Tech companies will pull trillions of dollars out of their asses when the problem is boosting ad revenue or automating people out of a job. But when asked to deal with the crisis they invented and dumped on society the answer is “that’s impossible, doesn’t scale”
- CobrastanJorji 20 minutes ago
  
  Figure a "mental health crisis" human conversation takes 30 minutes. Three million incidents per week would require 37,500 qualified mental health counselors on the phones working a 40 hour shift that week. Figure they make $75k/year each. You're now spending $3 billion per year on crisis response, and you're employing like 10% of all of the health counselors in the US. And all you're providing is 30 minute chats.
  
  Gigachad 15 minutes ago
  
  Mark Zuckerberg can spend $80B on the failed metaverse experiment, but can't spare some relative pocket change on solving the psychosis issue his products caused.
hx8 23 minutes ago

I don't think it's obvious that routing to a human is infeasible. I'm sure many local authorities, health agencies, and non-profits would be okay being routed to. Additionally, I'm sure many of the users are the same week over week, so giving them long term care would reduce the total volume. Finally, there is a long gap between psychosis and emotional dependence, so there could be some triage to make sure those most in need have human intervention.
swatcoder 13 minutes ago

Well, then maybe you can't scale it as a free service with self-serve signups.
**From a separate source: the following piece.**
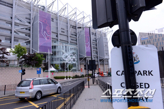 올림픽 축구대표팀의 첫경기가 열리는 뉴캐슬 유나이티드 홈구장인 세인트 제임스 파크 스타디움에 25일(현지시간) 혼잡을 우려해 주차장에 차를 주차할 수 없다는 표시가 붙어 있다.
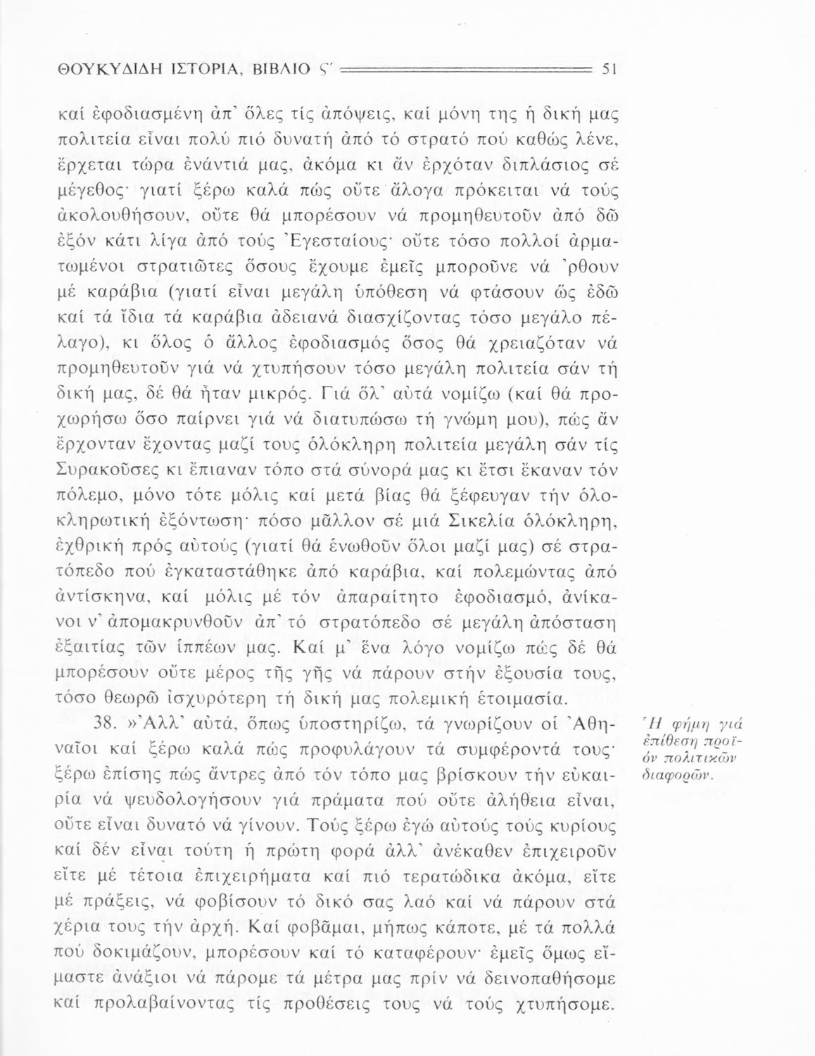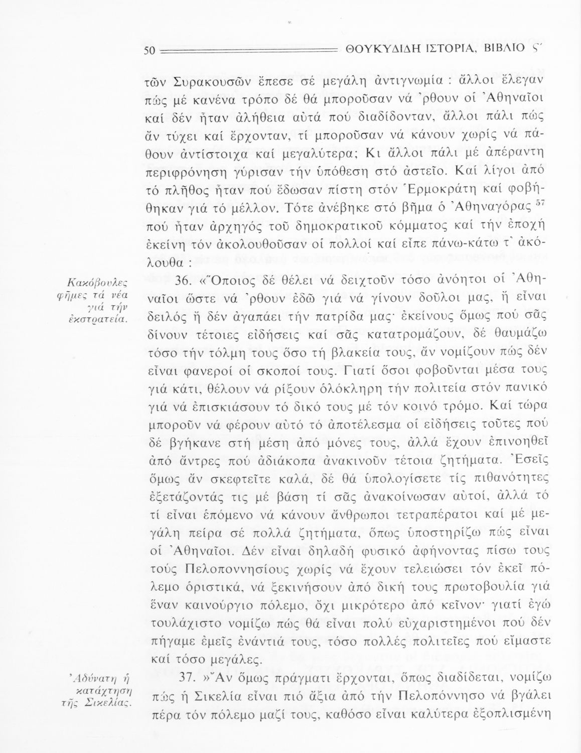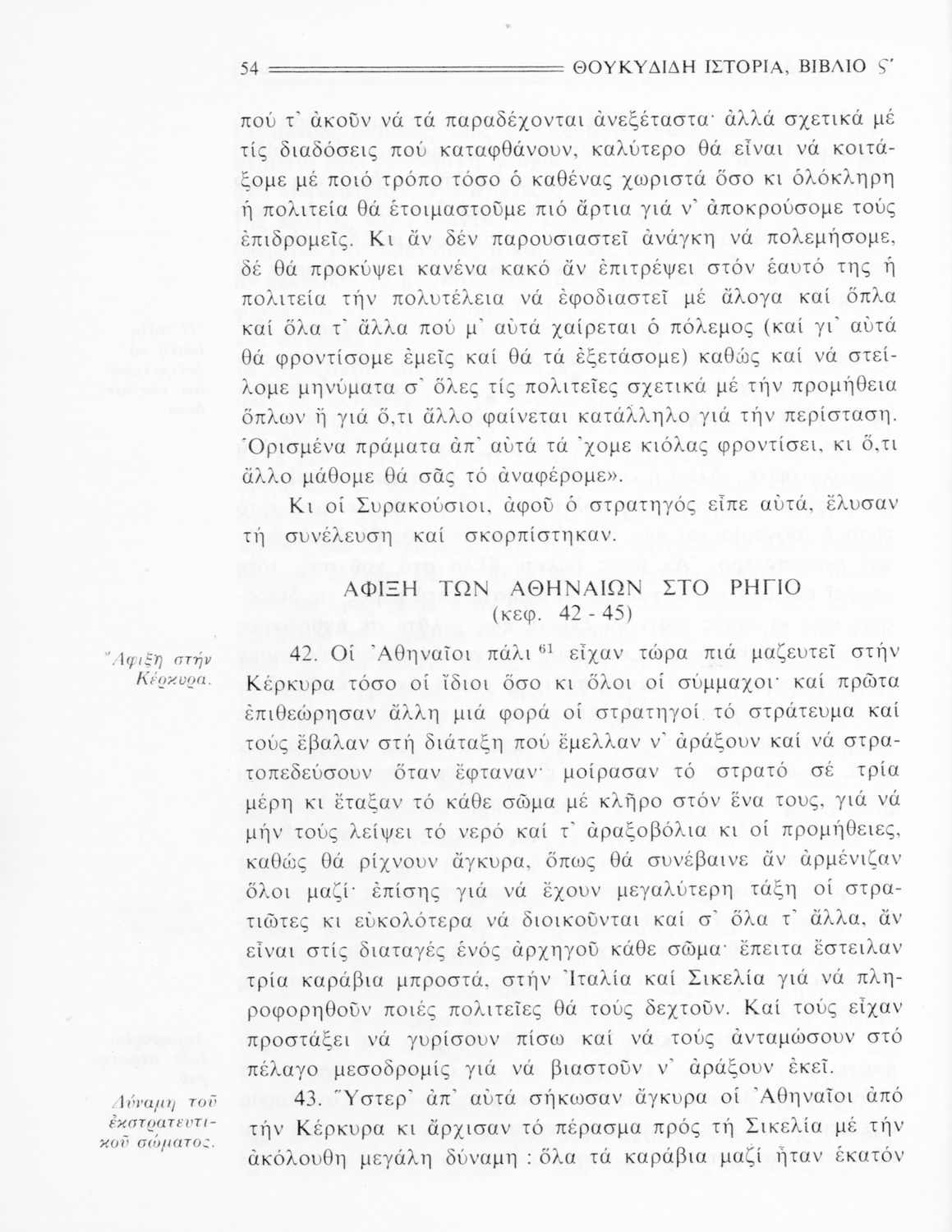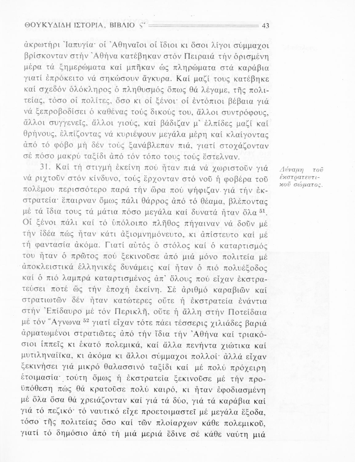 Σχολικό εγχειρίδιο Αρχαίων Ελληνικών Β΄ Γυμνασίου που περιλαμβάνει την μετάφραση των βιβλίων ΣΤ΄ και Ζ΄ της Ιστορίας του Θουκυδίδη, εισαγωγή στη ζωή και το έργο του, και ερμηνευτικά και πραγματολογικά σχόλια.

Maybe you need to gate who you allow to use it and pace how intensely they can engage. Or maybe you need to look for other solutions.
Yielding to "not feasible at scale" is exactly how we ended up with a lot of today's most pressing and almost intractible problems, from social media's ills to person and society straight through to enshittification and non-repairability.

Legend2440 1 hour ago

I don't buy that chatGPT is actually doing these users any harm.

I think openAI is doing the best they reasonably can with a very difficult class of users, whose problems are neither their fault nor within their power to fix.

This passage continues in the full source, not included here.